▸ Information provided:
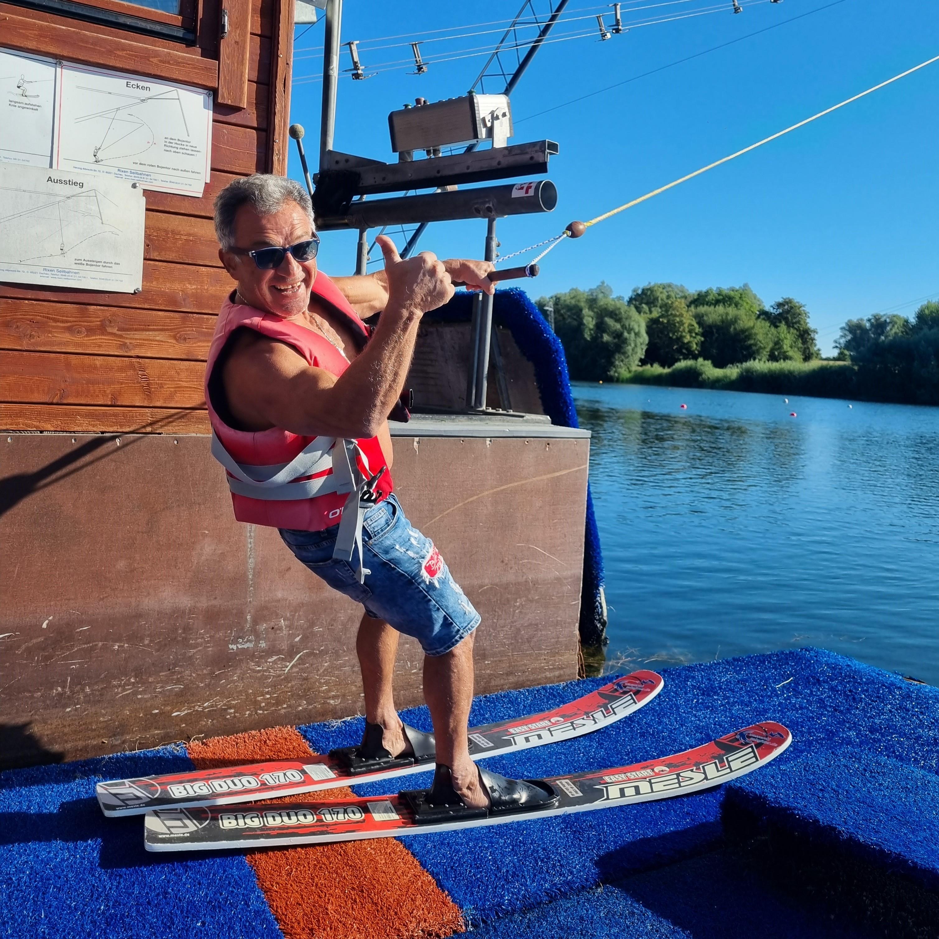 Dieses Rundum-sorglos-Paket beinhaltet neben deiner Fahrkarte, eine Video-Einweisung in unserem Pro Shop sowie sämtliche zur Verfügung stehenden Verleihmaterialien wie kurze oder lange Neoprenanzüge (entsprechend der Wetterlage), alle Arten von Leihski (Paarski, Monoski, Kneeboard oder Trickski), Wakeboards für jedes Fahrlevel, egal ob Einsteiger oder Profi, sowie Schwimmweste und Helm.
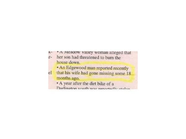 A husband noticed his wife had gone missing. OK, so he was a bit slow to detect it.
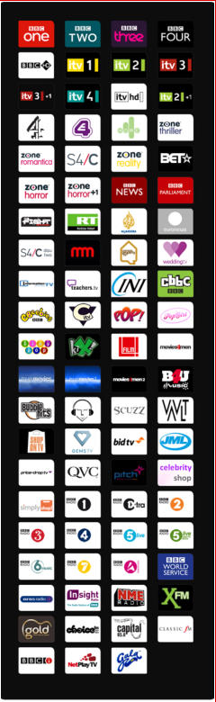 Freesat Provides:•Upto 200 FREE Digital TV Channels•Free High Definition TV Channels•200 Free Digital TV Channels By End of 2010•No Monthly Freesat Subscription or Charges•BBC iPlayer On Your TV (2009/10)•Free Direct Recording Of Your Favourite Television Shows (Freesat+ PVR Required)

---

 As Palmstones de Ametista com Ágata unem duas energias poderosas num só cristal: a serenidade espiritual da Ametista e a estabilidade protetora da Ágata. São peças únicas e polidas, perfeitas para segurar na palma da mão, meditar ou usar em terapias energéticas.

▸ Task item:
Above are some records. Reproduce the lines from the one with "A husband noticed" down to the one with "Freesat Provides:•Upto 200", keeping both, and leave every picture out.

▸ Problem solution:
 A husband noticed his wife had gone missing. OK, so he was a bit slow to detect it.
 Freesat Provides:•Upto 200 FREE Digital TV Channels•Free High Definition TV Channels•200 Free Digital TV Channels By End of 2010•No Monthly Freesat Subscription or Charges•BBC iPlayer On Your TV (2009/10)•Free Direct Recording Of Your Favourite Television Shows (Freesat+ PVR Required)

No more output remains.